6. Direct tests for `astropy/table` C extensions (column shim)
7. Direct tests for `astropy/wcs` C extensions (wcslib)
8. Direct tests for `astropy/coordinates` C/Cython extensions
9. Exploratory Meson build system migration ([astropy#17760](https://github.com/astropy/astropy/issues/17760))
10. Exploratory PEP 803/809 Limited API compatibility ([astropy#19249](https://github.com/astropy/astropy/issues/19249))

---

### Timeline

| Period | Description |
|---|---|
| **Community Bonding** | Set up dev environment. Validate CI on Linux, macOS, Windows. Map all untested C/Cython extensions: exported symbols, ufunc signatures, dtype requirements. Discuss testing strategy and priority order with mentors. Write a shared plan before coding starts. |
| **Week 1** | Start `time/_parse_times.c`. Open draft PR on day one. Write tests for `create_parser` with ISO, yday, and ISOT parsing. Confirm it returns `numpy.ufunc`. Validate `dt_pars`, `dt_u1`, and `dt_ymdhms` structured dtypes work correctly. |
| **Week 2** | Expand `_parse_times.c` coverage. Add parser output validation: parse known ISO strings and assert year, month, day, hour, minute, second values. Cover error paths: wrong size arrays, malformed input, and boundary date values. |
| **Week 3** | Audit full `astropy/time` subpackage for any remaining compiled code not yet covered.
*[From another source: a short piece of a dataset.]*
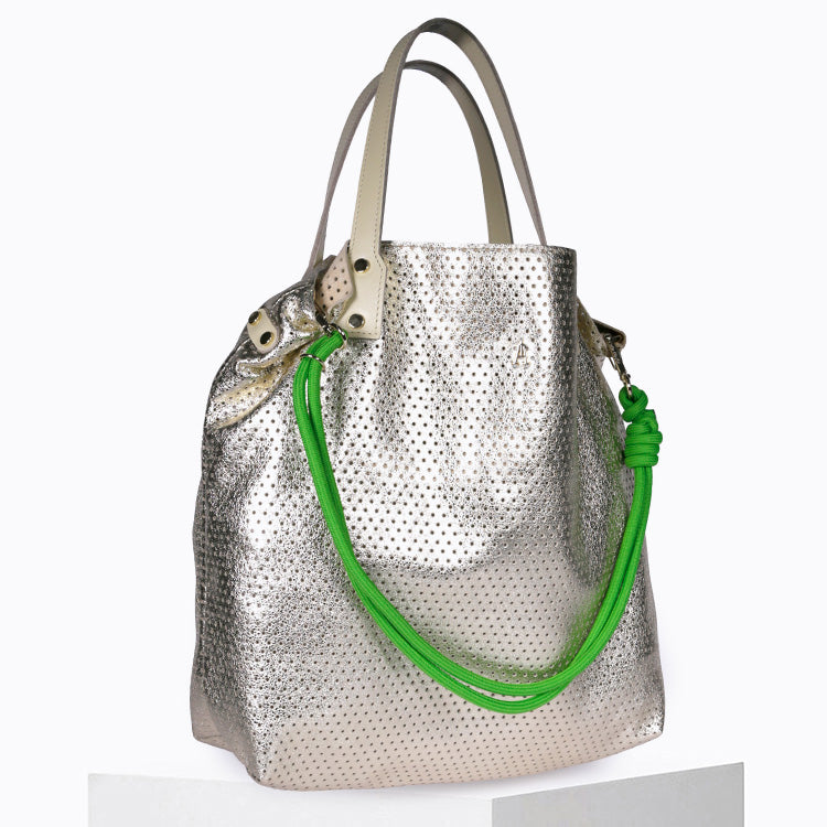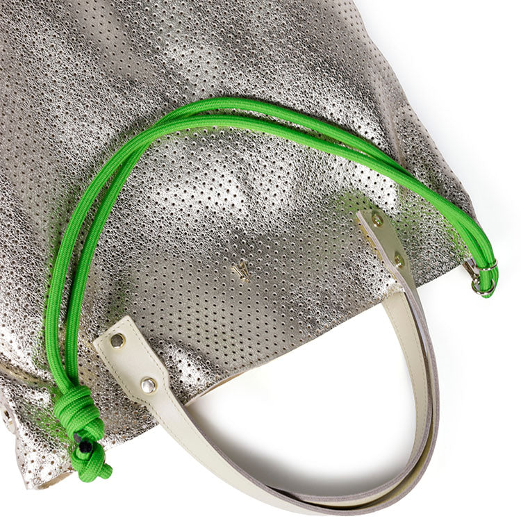 Le cabas Ruban Perfo Or se porte à la main ou à l’épaule, grâce à sa bandoulière amovible en corde d’escalade verte, qui apporte une touche graphique et personnalisée à la silhouette. Léger et fonctionnel, il séduit par son design épuré et son esprit moderne, fidèle à l’ADN Craie Studio.

Write tests for any additional C or Cython extensions found. Iterate on review feedback for the Week 1 to 2 PR. |
| **Week 4** | Buffer for time subpackage. Finalise and merge the time PR. Write a short internal note on calling conventions and dtype patterns found. This will serve as a reference for all remaining subpackages. |
| **Week 5** | Begin `astropy/stats`. Write direct tests for `fast_sigma_clip.c`: basic finite bounds, use_median vs use_mean, pre-masked input, use_mad_std flag, max_iter=0, single element, and all-masked input returning NaN. |
| **Week 6 (Midterm)** | Complete `astropy/stats/_stats.pyx`. Write `ks_2samp` tests with analytical expected values for identical arrays (0.0), non-overlapping (1.0), partial overlap, and different sizes. No scipy dependency. Submit midterm report. |
| **Week 7** | Begin `astropy/cosmology` beyond `scalar_inv_efuncs`. Survey remaining Cython functions. Write numerical accuracy tests against known analytic integrals where applicable. |
| **Week 8** | Begin `astropy/coordinates` survey. Map erfa integration points and identify directly testable symbols. Write initial tests for the most isolated entry points. |
| **Week 9** | Begin `astropy/table` C extensions (column shim). Study how the shim interacts with numpy arrays. Write tests for direct array operations that bypass the Python Table API. |
| **Week 10** | Begin `astropy/wcs` C extensions. Focus on isolated symbol-level tests rather than full pipeline coverage. Start stretch goals if ahead of schedule. |
| **Week 11** | Code freeze. Audit all PRs for CI pass on Linux, macOS, and Windows. Fix any platform-specific issues. No new features, only stabilisation. |
| **Week 12** | Write final report: which extensions were tested, what approach worked, what remains uncovered, and a roadmap for whoever continues this work. Submit final evaluation. |

**Hours per week:** 30 hours

**Commitments:** My semester ends before May 10th and my summer break runs through mid-July, giving me a clean availability window that covers the entire GSoC coding period. I'll be fully available from day one.

---

### Communication Plan

- **Weekly sync with mentors** (30 to 60 min video call) to review progress, discuss blockers, and adjust priorities if needed
- **Async updates on Astropy's Zulip** a few times per week. Zulip is Astropy's primary community channel where mentors are active daily, so questions get answered in context and discussions are visible to the broader team
- **GitHub** for all code-related discussion. One draft PR per extension module, opened early so mentors can guide the approach before the work is complete rather than reviewing a finished product
- **Email** for anything that needs a longer or more structured discussion outside of a scheduled call
- **Midterm and final written reports** summarising what was tested, what worked, what didn't, and what remains

---

## Personal Statement

### Past Experience

I've been programming in Python and C++ for about 3 years, with a focus on scientific computing and systems-level problem solving. My Engineering Physics coursework gave me strong C fundamentals. Outside academics, I worked as a Full Stack Developer at Tata Power Delhi Distribution Limited, building a production safety management system using the MERN stack. That experience taught me what it means to write code that actually has to work reliably under real-world conditions.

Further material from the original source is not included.